From 0866d99c7349354dc8def9fadc2658f50ac61bd7 Mon Sep 17 00:00:00 2001
From: Fang <git@fang.io>
Date: Wed, 30 Sep 2020 15:07:27 +0200
Subject: [PATCH] eyre: minimal CORS support

Adds a cors-registry to Eyre's state that tracks allowed and rejected
origins for the purposes of CORS request handling.

For preflight requests, generates a response in-line.
For simple requests, adds CORS headers onto whatever response is given.

See also:
https://groups.google.com/a/urbit.org/g/dev/c/bb82dwEJGzM/m/q2JjNSx5BwAJ
---
 pkg/arvo/sys/vane/eyre.hoon | 107 +++++++++++++++++++++++++++++++++---
 pkg/arvo/sys/zuse.hoon      |  16 ++++++
 2 files changed, 116 insertions(+), 7 deletions(-)

diff --git a/pkg/arvo/sys/vane/eyre.hoon b/pkg/arvo/sys/vane/eyre.hoon
index f65e23517..3a22149dd 100644
--- a/pkg/arvo/sys/vane/eyre.hoon
+++ b/pkg/arvo/sys/vane/eyre.hoon
@@ -69,7 +69,7 @@
 ++  axle
   $:  ::  date: date at which http-server's state was updated to this data structure
       ::
-      date=%~2020.5.29
+      date=%~2020.9.30
       ::  server-state: state of inbound requests
       ::
       =server-state
@@ -87,6 +87,9 @@
       ::    the :binding into a (map (unit @t) (trie knot =action)).
       ::
       bindings=(list [=binding =duct =action])
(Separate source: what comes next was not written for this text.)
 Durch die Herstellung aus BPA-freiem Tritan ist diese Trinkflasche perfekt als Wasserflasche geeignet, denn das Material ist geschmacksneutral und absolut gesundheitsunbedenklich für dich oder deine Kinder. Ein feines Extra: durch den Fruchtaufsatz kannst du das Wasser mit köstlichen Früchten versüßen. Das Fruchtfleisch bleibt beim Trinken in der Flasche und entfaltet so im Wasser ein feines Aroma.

+      ::  cors-registry: state used and managed by the +cors core
+      ::
+      =cors-registry
       ::  connections: open http connections not fully complete
       ::
       connections=(map duct outstanding-connection)
@@ -571,6 +574,29 @@
       [action [authenticated secure address request] ~ 0]
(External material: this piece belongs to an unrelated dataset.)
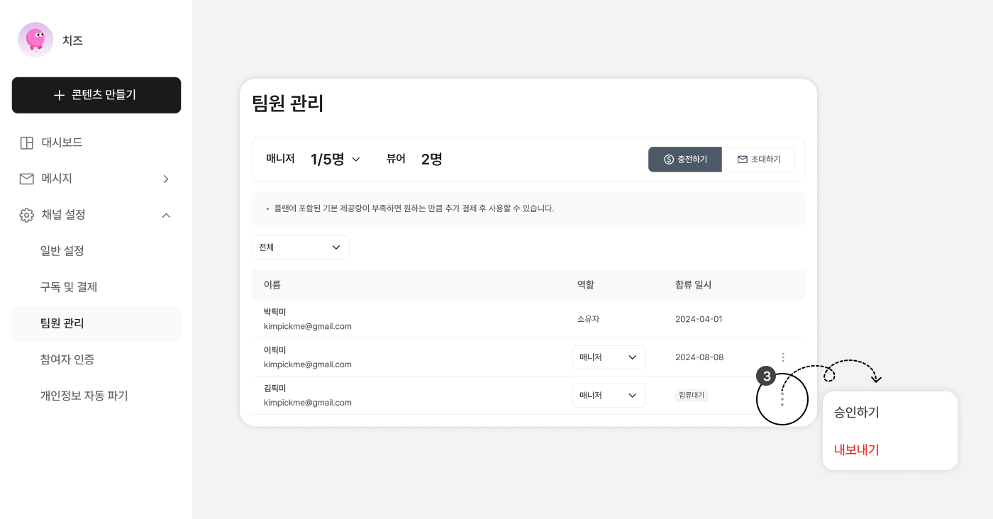 팀원이 링크를 통해 합류 요청을 한 이후, 팀원 관리에서 팀원 목록을 볼 수 있어요. 합류대기중인 팀원의 [➌ 더보기] 아이콘을 클릭한 후 승인하기를 확인해주면 합류에 성공해요!

     =.  connections.state
       (~(put by connections.state) duct connection)
+    ::  figure out whether this is a cors request,
+    ::  whether the origin is approved or not,
+    ::  and maybe add it to the "pending approval" set
+    ::
+    =/  origin=(unit origin)
+      (get-header:http 'origin' header-list.request)
+    =^  cors-approved  requests.cors-registry.state
+      =,  cors-registry.state
+      ?~  origin                         [| requests]
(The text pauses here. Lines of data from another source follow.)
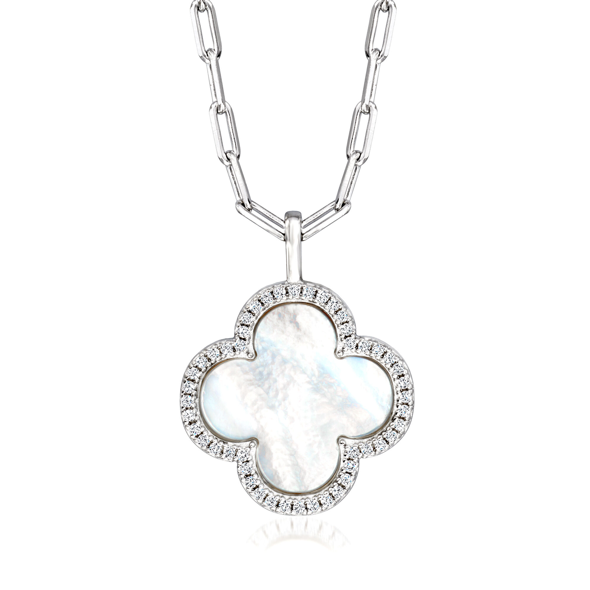 Charles Garnier Mother-of-Pearl and .24 ct. t.w. CZ Clover Paper Clip Link Necklace. 17″
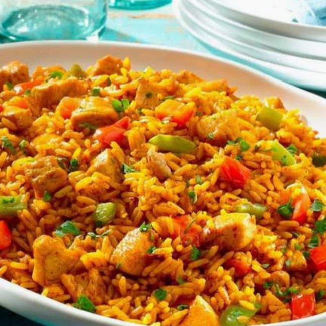 Delicioso arroz con trocitos de pollo, chile dulce y vegetales.
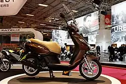 The Peugeot Kisbee is a scooter model produced by Peugeot Motocycles. Alternatively, it is available as an RS model, which is technically the same, only optically upgraded and painted in different colors.[1]
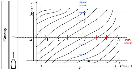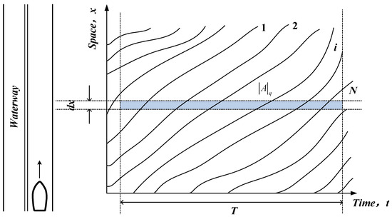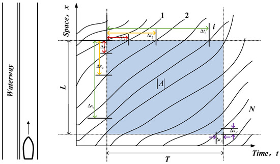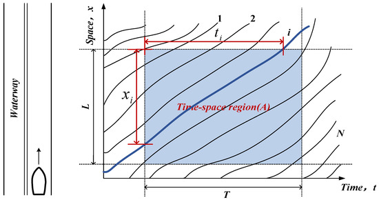 As shown in Figure 1, a time–space region is delineated in a time–space diagram, which is long by the length of channel and wide by time . There are vessels’ trajectories in the region. The trajectory of each vessel is represented as a time–space vector . indicates the distance traveled longitudinally by the i-th vessel in the time–space region, and indicates the time spent. The fundamental characteristics of waterway traffic stream can be derived by averaging the spatial and temporal vectors for estimation, calculated as follows:
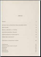 Podstatnou část publikace tvoří texty písní a árií z pěveckých učebních pomůcek (Vaccai, Parisottiho arie antiche, Marchesiho vokalízy, Koželuhovy arietty) a frekventované árie z několika desítek oper. Všechny texty (celkem přes 350 ) jsou podloženy doslovným překladem. Árie z dnes provozovaných oper jsou uvedeny v kontextu celého díla. Další částí skripta jsou cvičení, zaměřená především na výslovnost. V menší míře obsahují odkazy na gramatiku, slovní zásobu a reálie. Lexikálně vycházejí cvičení z divadelní praxe a z chyb, kterých se dopouštějí interpreti při studiu konkrétních titulů.

+      ?:  (~(has in approved) u.origin)  [& requests]
+      ?:  (~(has in rejected) u.origin)  [| requests]
+      [| (~(put in requests) u.origin)]
+    ::  if this is a cors preflight request from an approved origin
+    ::  handle it synchronously
+    ::
+    ?:  &(?=(^ origin) cors-approved ?=(%'OPTIONS' method.request))
+      %-  handle-response
+      =;  =header-list:http
+        [%start [204 header-list] ~ &]
+      ::NOTE  +handle-response will add the rest of the headers
+      :~  'Access-Control-Allow-Methods'^'*'
+          'Access-Control-Allow-Headers'^'*'
+      ==
     ::
     ?-    -.action
         %gen
@@ -1654,10 +1680,25 @@
               (session-cookie-string u.session-id &)
             headers.response-header.http-event
           ::
+          =/  connection=outstanding-connection
+            (~(got by connections.state) duct)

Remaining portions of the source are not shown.